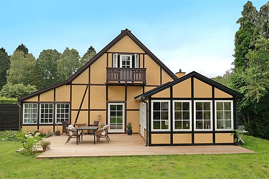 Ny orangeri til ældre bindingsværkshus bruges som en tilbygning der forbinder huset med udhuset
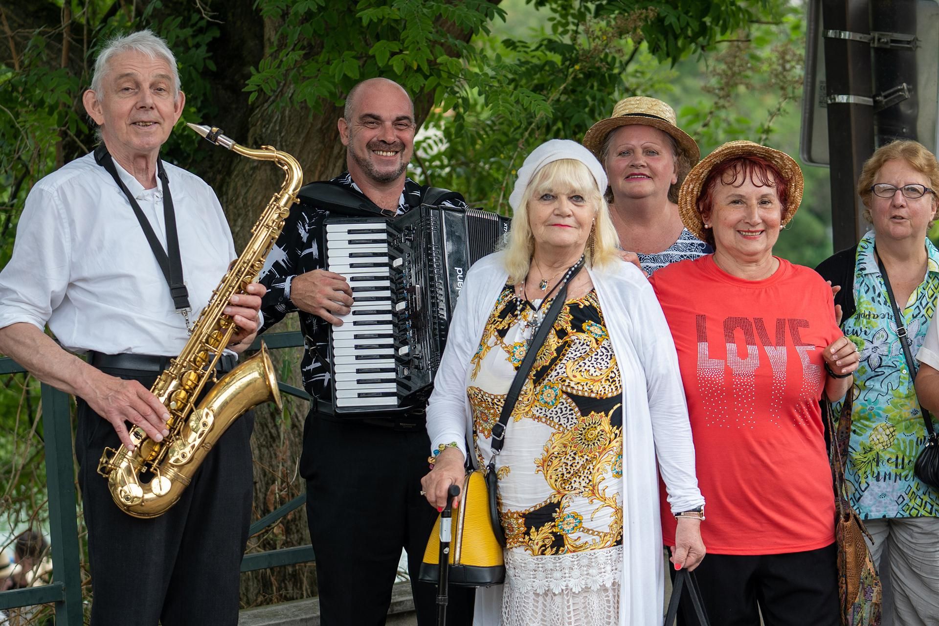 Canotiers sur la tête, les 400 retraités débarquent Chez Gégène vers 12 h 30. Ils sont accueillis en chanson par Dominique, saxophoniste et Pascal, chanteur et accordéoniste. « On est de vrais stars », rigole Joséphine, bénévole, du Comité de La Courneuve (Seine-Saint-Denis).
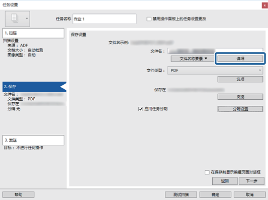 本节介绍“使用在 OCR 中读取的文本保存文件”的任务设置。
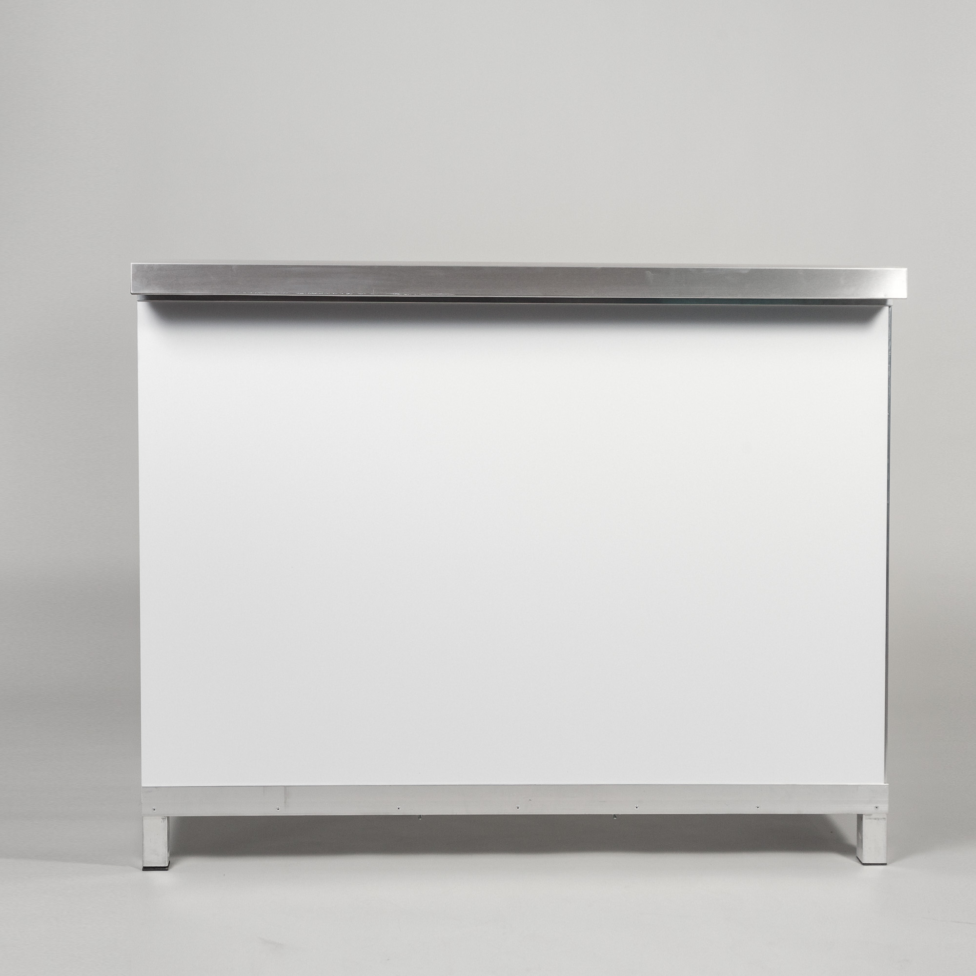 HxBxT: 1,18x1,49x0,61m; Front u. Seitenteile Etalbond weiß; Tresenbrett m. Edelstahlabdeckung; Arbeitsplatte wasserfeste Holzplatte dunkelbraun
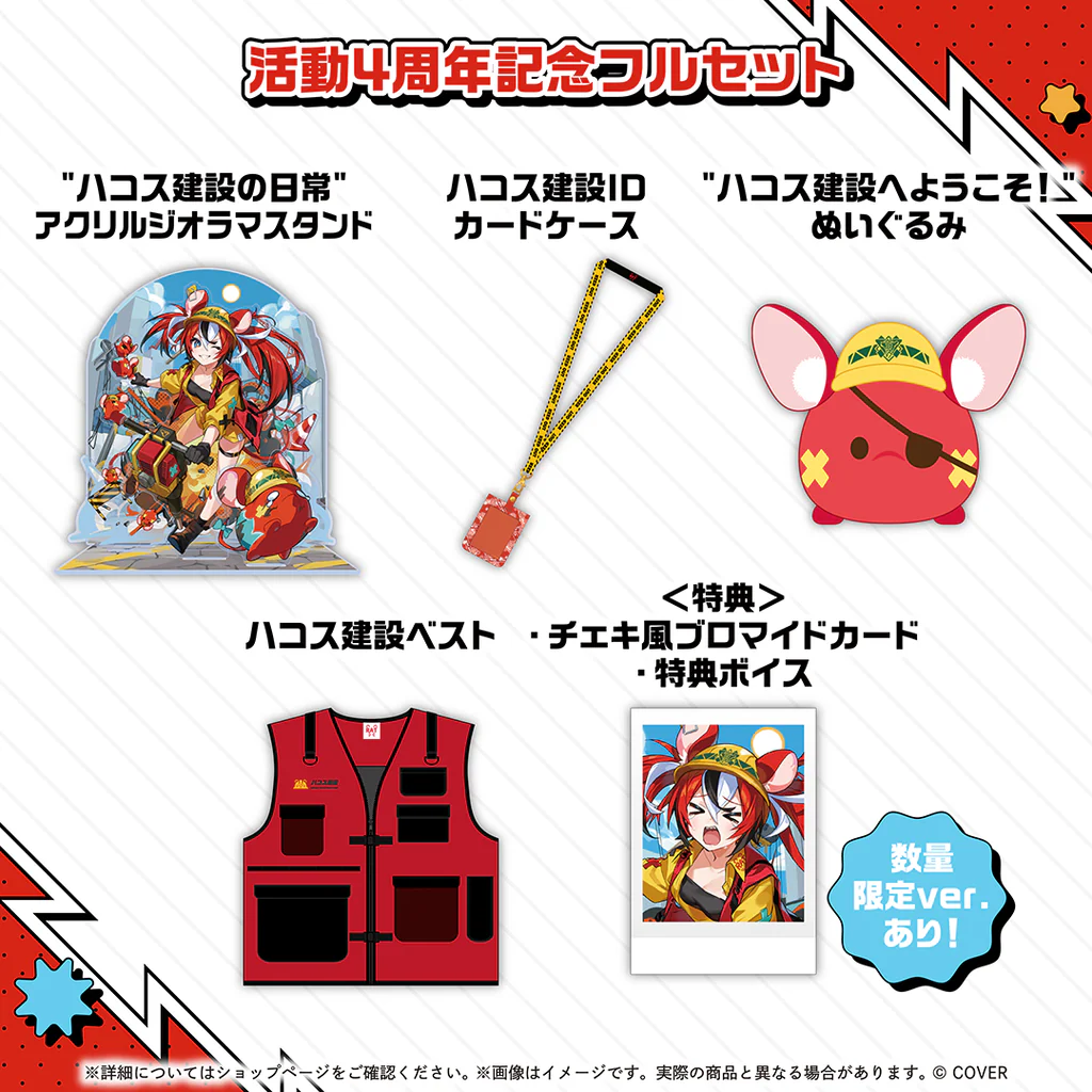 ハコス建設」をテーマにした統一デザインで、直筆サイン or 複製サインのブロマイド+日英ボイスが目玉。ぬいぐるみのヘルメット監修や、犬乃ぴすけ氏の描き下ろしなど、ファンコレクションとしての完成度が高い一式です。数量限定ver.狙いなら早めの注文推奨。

- - -

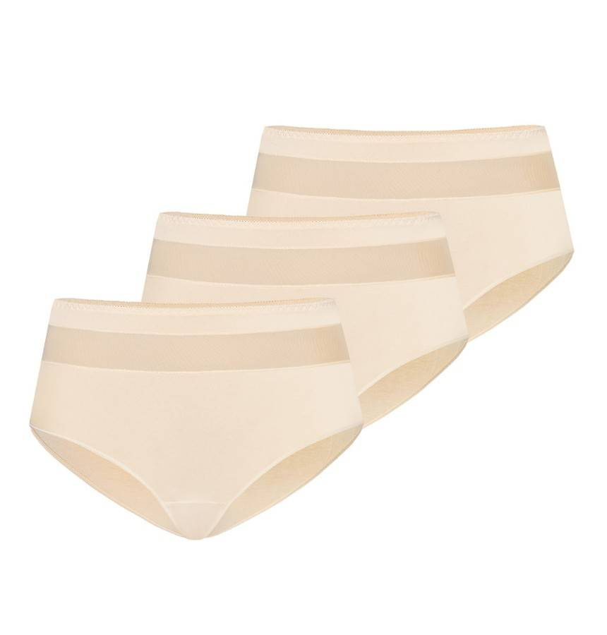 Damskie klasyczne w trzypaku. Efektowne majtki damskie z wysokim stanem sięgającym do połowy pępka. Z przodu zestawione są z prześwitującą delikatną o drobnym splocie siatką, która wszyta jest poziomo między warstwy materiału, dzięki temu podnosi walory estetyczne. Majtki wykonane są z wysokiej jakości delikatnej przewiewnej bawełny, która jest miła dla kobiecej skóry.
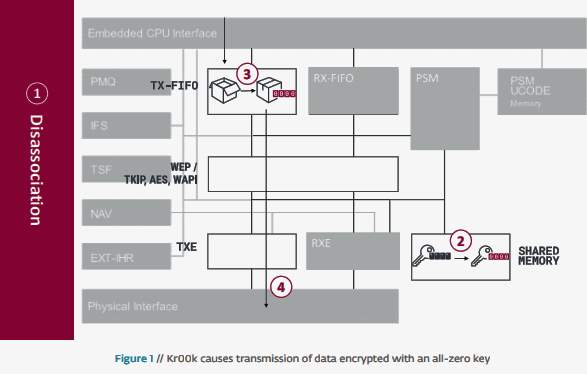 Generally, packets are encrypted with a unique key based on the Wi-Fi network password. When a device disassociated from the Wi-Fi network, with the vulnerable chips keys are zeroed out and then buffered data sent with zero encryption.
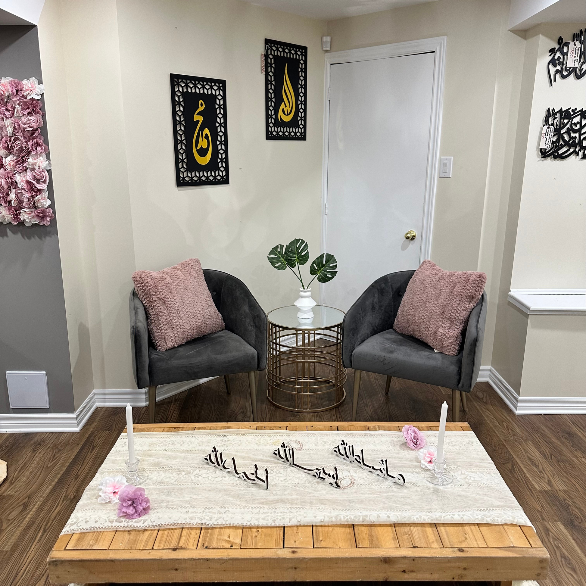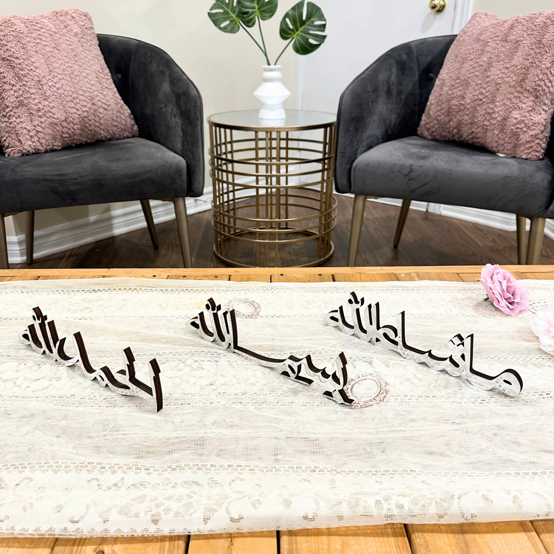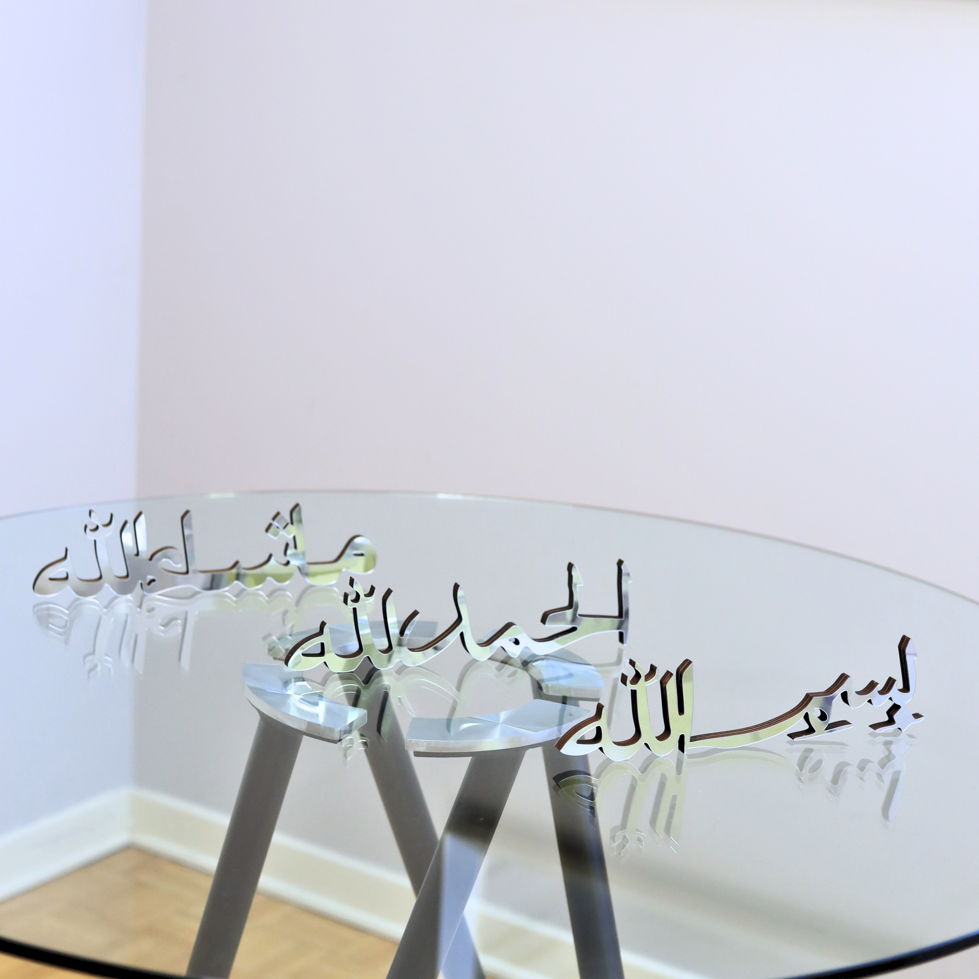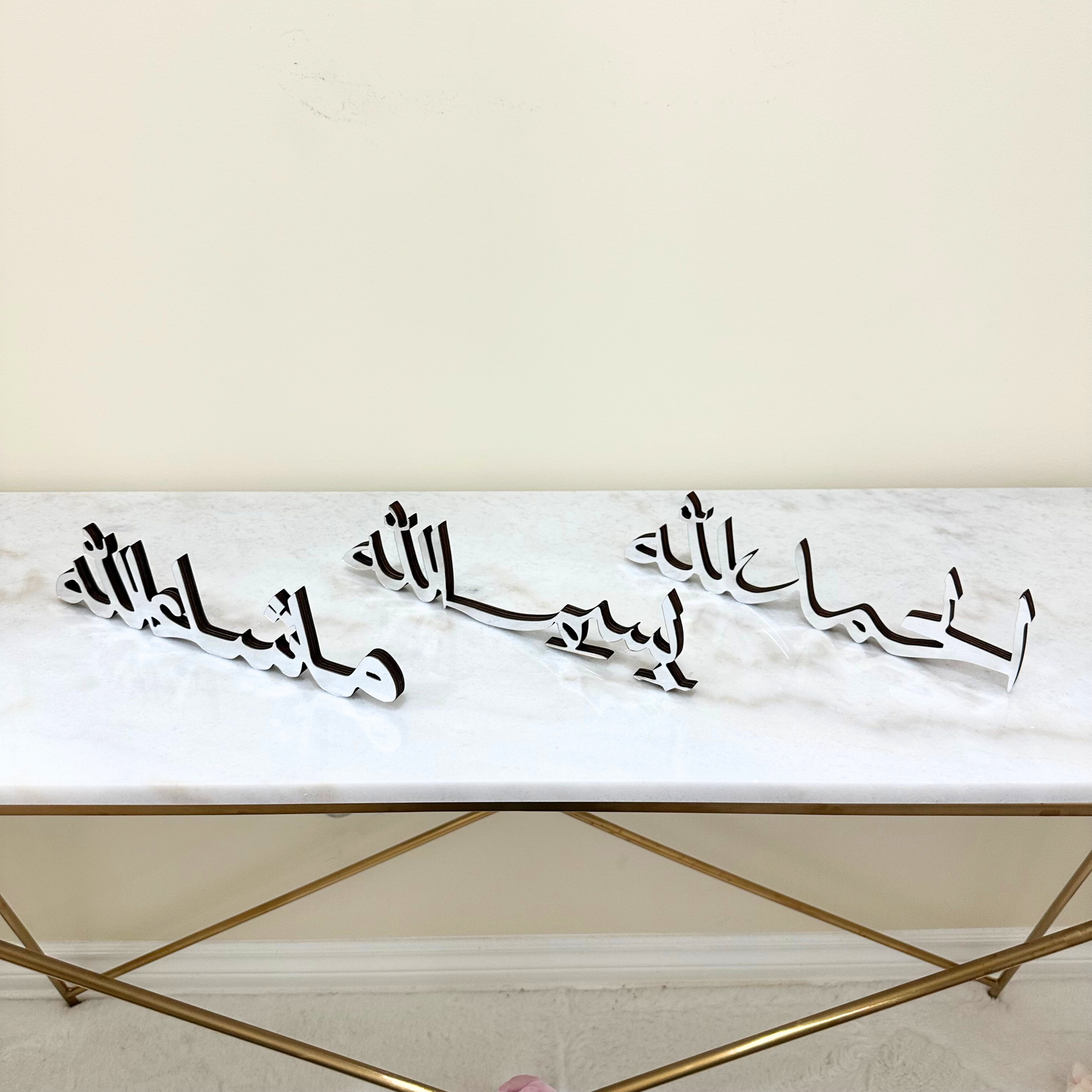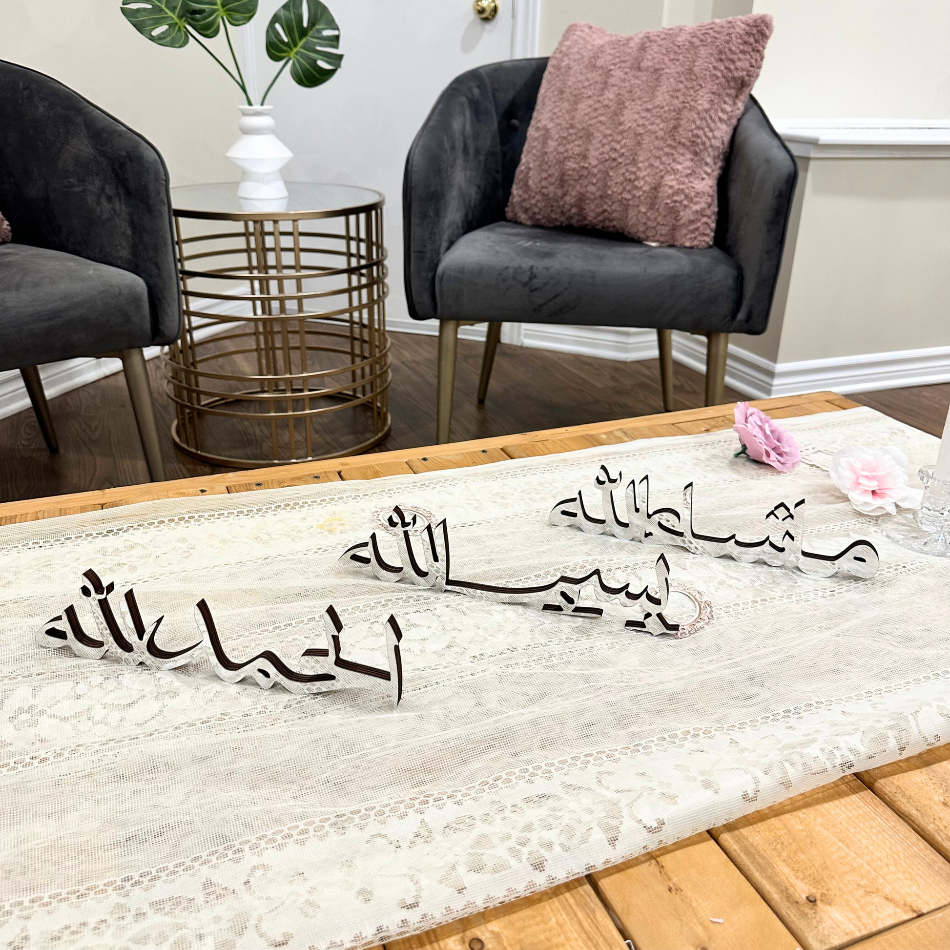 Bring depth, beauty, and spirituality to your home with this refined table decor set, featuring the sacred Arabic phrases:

- - -

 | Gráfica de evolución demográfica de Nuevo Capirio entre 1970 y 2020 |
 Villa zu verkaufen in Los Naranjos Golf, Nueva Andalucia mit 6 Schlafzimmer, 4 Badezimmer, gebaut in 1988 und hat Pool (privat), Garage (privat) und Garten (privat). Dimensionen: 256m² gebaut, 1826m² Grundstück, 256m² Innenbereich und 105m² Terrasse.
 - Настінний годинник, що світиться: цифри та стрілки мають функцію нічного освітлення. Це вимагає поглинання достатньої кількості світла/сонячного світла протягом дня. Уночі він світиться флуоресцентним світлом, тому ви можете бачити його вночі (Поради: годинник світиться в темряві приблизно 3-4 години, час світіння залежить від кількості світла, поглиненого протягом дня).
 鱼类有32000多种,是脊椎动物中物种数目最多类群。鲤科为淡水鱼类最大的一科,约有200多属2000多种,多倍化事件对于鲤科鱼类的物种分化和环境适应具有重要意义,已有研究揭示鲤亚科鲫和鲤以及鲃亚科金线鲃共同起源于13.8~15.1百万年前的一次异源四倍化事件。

- - -

Using the data above, transcribe exactly the lines between those containing "Generally, packets are" and "Bring depth, beauty, and", inclusive, and leave every picture behind.

 Generally, packets are encrypted with a unique key based on the Wi-Fi network password. When a device disassociated from the Wi-Fi network, with the vulnerable chips keys are zeroed out and then buffered data sent with zero encryption.
 Bring depth, beauty, and spirituality to your home with this refined table decor set, featuring the sacred Arabic phrases:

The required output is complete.